Other than arguing that perhaps the Union leaders should have taken action earlier . Something that almost any Union leader would do if they felt they had the support of the membership.What is your logic. Would you punish a Doctor for treating you for a disease. The typhoid Mary in this case is the Republican Legislature indebted to the Right wing millionaires . The disease is greed and income inequality.
The Maricopa county judge tossed the challenge out. I will give you even money that the referendum vote will take place(Prop 305).
I certainly hope the referendum takes place. The Koch brothers are now scheming to get the legislature to repeal the voucher bill and pass it again, thus forcing the parents and teachers to start the referendum process all over again, collecting 100,000 signatures, going to court, etc.
The union in Arizona is incredibly weak. It’s a right to work state.
Thank you, Kas, bring out your friends and family too!

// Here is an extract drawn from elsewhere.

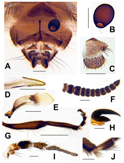 - Takaoka, H.; Otsuka, Y.; Fukuda, M. A new species of Simulium (Boreosimulium) from Hokkaido, Japan (Diptera: Simuliidae). Med. Entomol. Zool. 2006, 57, 35–43. [Google Scholar] [CrossRef]
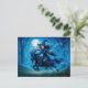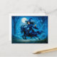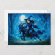 Postal Festiva Bruja montando una cabra a través del bosque ilumi

Once again the teacher union leaders are urging teachers to settle for less and hurry back to their classrooms. If teachers are to recover from the looting of the last 20 years, the most impt election they face is voting out their local union leaders and their national union leaders, Randy of AFT and Lily of NEA. Very painful to watch statewide strike after statewide strike erupt as wildcats fostered by teachers themselves who have been abused and insulted for years, yet this momentous solidarity so hard to achieve is undermined by pusillanimous teacher union leaders eager to act like labor police who restore a destructive calm. Still waiting for teachers to stay out on strike until they get the full measure of their demands, which only a statewide strike can deliver if they ignore union leaders and stop waiting for November.

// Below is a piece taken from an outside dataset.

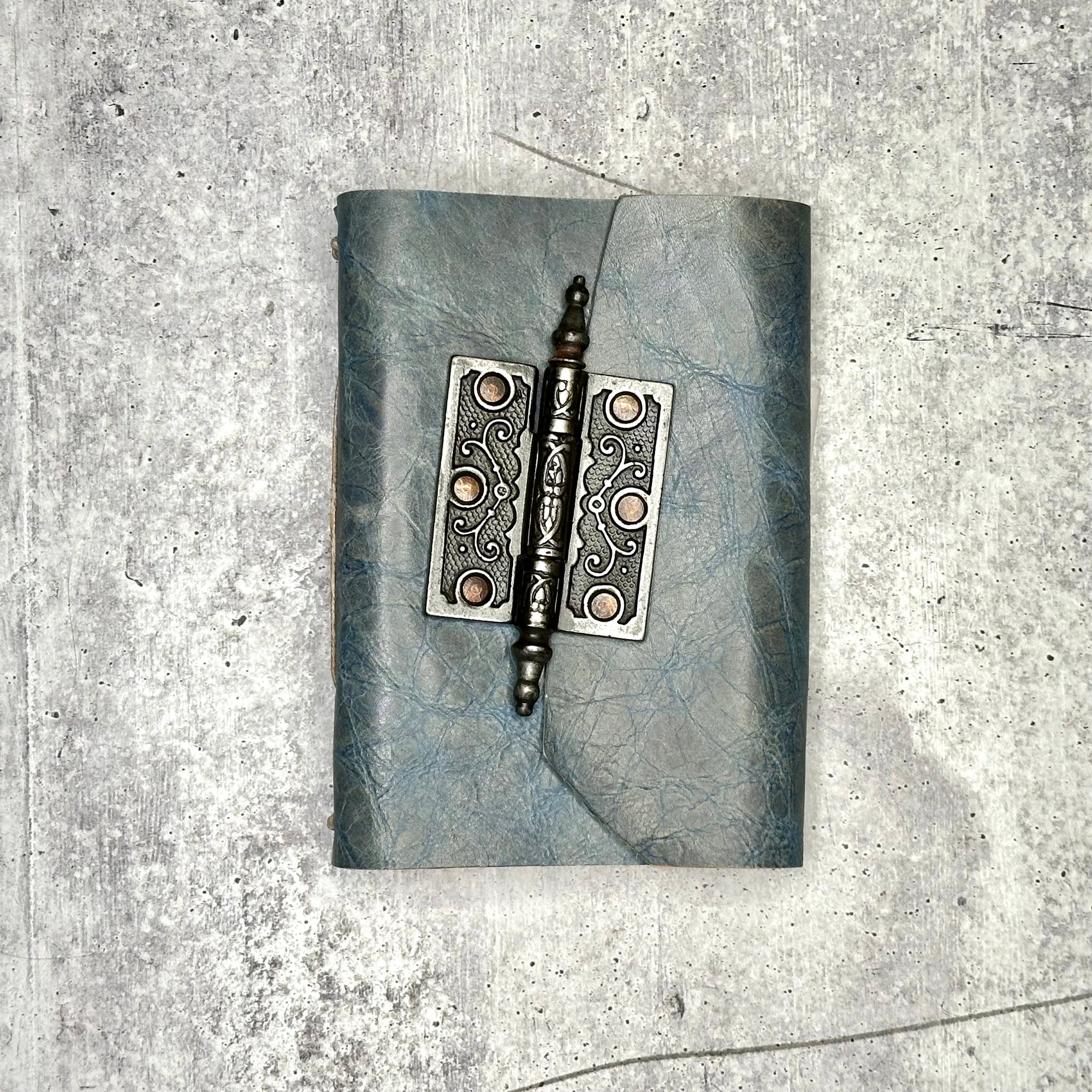 This book features an elegant Victorian era door hinge closure. To open, simply pull the pin out of the top of the hinge, and the top and bottom leather flaps can then pull away from one another. It is an authentic, repurposed antique hinge, dating back to the 1880’s-1890’s. It is attached with hand-hammered copper rivets.

From newyorker.com: Can Arizona’s Teachers Still Consider Themselves Middle Class?
When Mitch Askew first went into teaching, he saw the profession as a way up in the world. He’s no longer so sure.
…Few would dispute that the Arizona schools are in crisis. Per-student spending has fallen fourteen per cent in the past decade, and some two thousand classrooms have no permanent instructors. Between 2010 and 2015, Arizona’s rate of teacher turnover was twenty-three per cent in traditional public schools and thirty-three per cent in charters, according to Jeanne Powers, an associate professor at Arizona State University. Flag High, where the Askews work, has had trouble recruiting and retaining talent. “I just hired two science teachers, but one backed out because of housing costs. Two years ago, I hired a woman from New York. Once she saw the cost of living, she said no,” Tony Cullen, the principal, told me. “Teaching is one of the most humble employment opportunities. It’s so selfless, it’s a giving profession. But teachers are saying, ‘I didn’t know I was going to be a pawn for the legislature.’ ”

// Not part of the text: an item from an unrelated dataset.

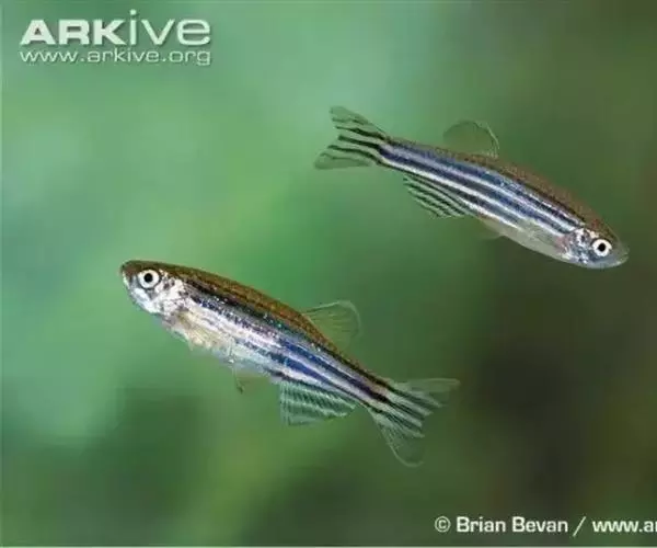 斑马鱼身体延长而略呈纺锤形,头小而稍尖,吻较短,全身布满多条深蓝色纵纹似斑马,与银白色或金黄色纵纹相间排列纹路比较有条理。在水族箱内成群游动时犹如奔驰于非洲草原的斑马群,故此得斑马鱼之美称。斑马鱼和人类基因有着87%的高度相似性,作为模式生物的优势很突出,这意味着其实验结果大多数情况下适用于人体。常可用于水质环境的监测。斑马鱼也是比较好养的一种鱼。

Arizona’s Republican governor, Doug Ducey, was elected in 2014, after running a campaign based on a promise to cut taxes. His critics say he’s done that—to the benefit of corporations and the state’s many childless retirees, and to the detriment of schools. “There’s a lot of public support for education,” Powers told me. “But it’s not reflected in what the state legislature is doing.
https://www.newyorker.com/news/dispatch/can-arizonas-teachers-still-consider-themselves-middle-class
This fight is not over. The Kochtopus will use the raises to push for layoffs and other shrinkage.